─¿Dónde estás? ¡Te has ido! Me has dejado a mí, a la casa, la ropa, los libros y el perro.
La ciudad dormía. Cruzó calles con semáforos en rojo y la buscó con ojos ansiosos por las veredas interminables.
Le dolían los pies, y el frío de la noche le mordía la piel. El pelo revuelto le pegaba en la cara y se mezclaba con la barba descuidada. Apenas sostenía los pantalones con un tirador que enroscaba en la cintura y ataba formando un lazo que lo partía en dos. Tenía la camisa desabrochada y los puños remangados hasta el codo.

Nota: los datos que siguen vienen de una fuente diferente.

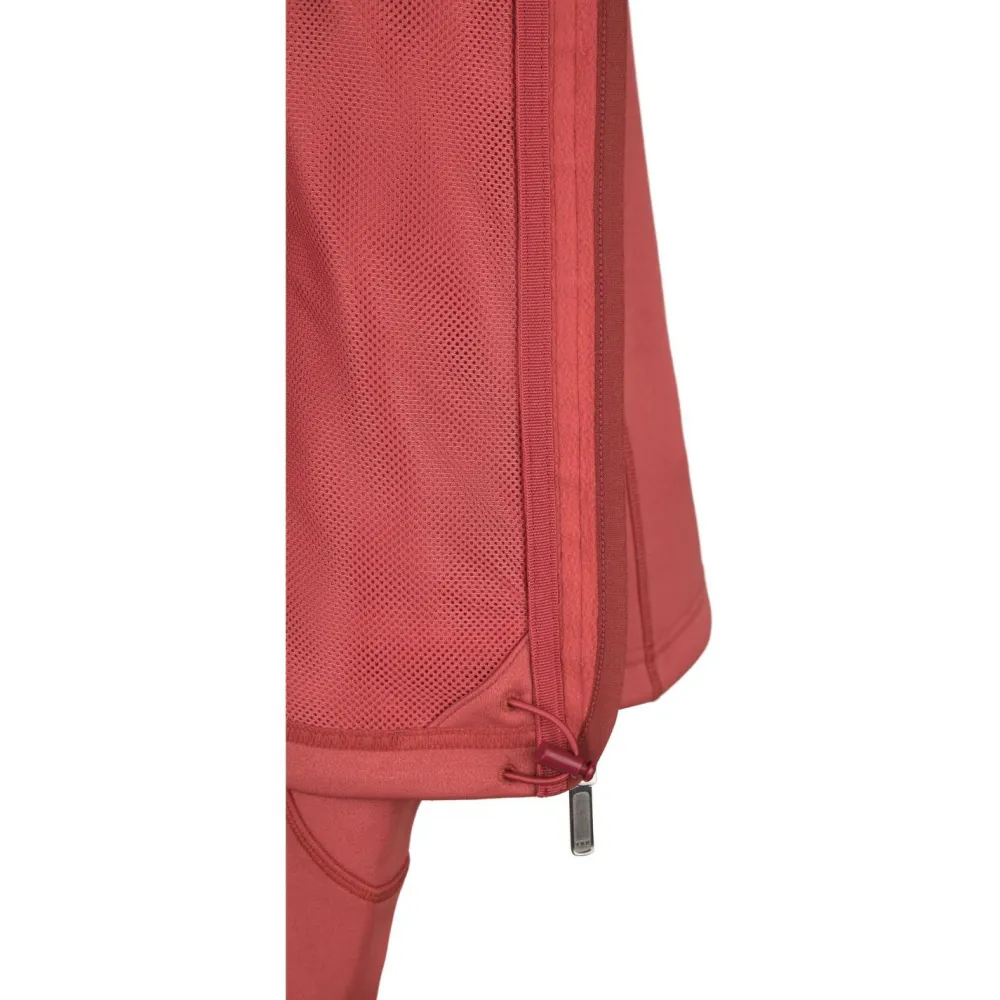 Das leicht melierte Fleece besteht aus hautfreundlichem, größtenteils recyceltem Polyester und zeichnet sich durch eine gute Elastizität aus. Auf der Innenseite ist das Material angeraut und fühlt sich angenehm weich an. Das verleiht der Fleecejacke einen hohen Tragekomfort und verbessert die Wärmeleistung zusätzlich. Der körpernah geschnittene Schnitt sorgt zudem für viel Bewegungsfreiheit und ist ideal für sportliche Aktivitäten. Kurzum: der perfekte Allrounder für alle Outdoor-Sportlerinnen.

Caminaba. Las calles se hacían más estrechas y apenas se iluminaban con una triste luz amarilla. Las pocas construcciones que bordeaban las veredas parecían abandonadas. A lo lejos la vio recostada en el umbral de la puerta del último edificio. Estaba arrollada, como queriendo evitar la inclemencia nocturna. Tenía las manos metidas en los bolsillos del saco rojo; el sombrero beige de ala ancha le tapaba el rostro y el pelo negro le caía sobre los hombros.
─¡Es ella!
Corrió y corrió pero sólo escuchó el golpeteo inconfundible de sus tacos al subir la escalera de mármol que se abría como abanico en medio del hall.
─¡Soy yo! ¿No me escuchas?
Sus palabras retumbaron. Ahora sentía su perfume.
Subió las escaleras; se detuvo agitado, cansado.
En la pared, se reflejaba una ventana por la que entraba la luz de la luna llena y, en el descanso, una jarra descascarada servía de recipiente a las gotas que caían del techo. Con precisión de atleta, un gato negro saltó la baranda de madera.
Sintió el pestillo de la puerta, los pasos apurados y el crujir de las ventanas que se abrían. Un frío gélido llegó hasta donde estaba. Ya en el rellano, cayó sin fuerza. Vio una sombra, estiró el brazo y palpó en la penumbra el sombrero beige de ala ancha; a su lado, deshilachado, el dobladillo descosido del saco rojo.
Lo único que rompía el silencio de la madrugada era el golpeteo incesante de las gotas en la jarra.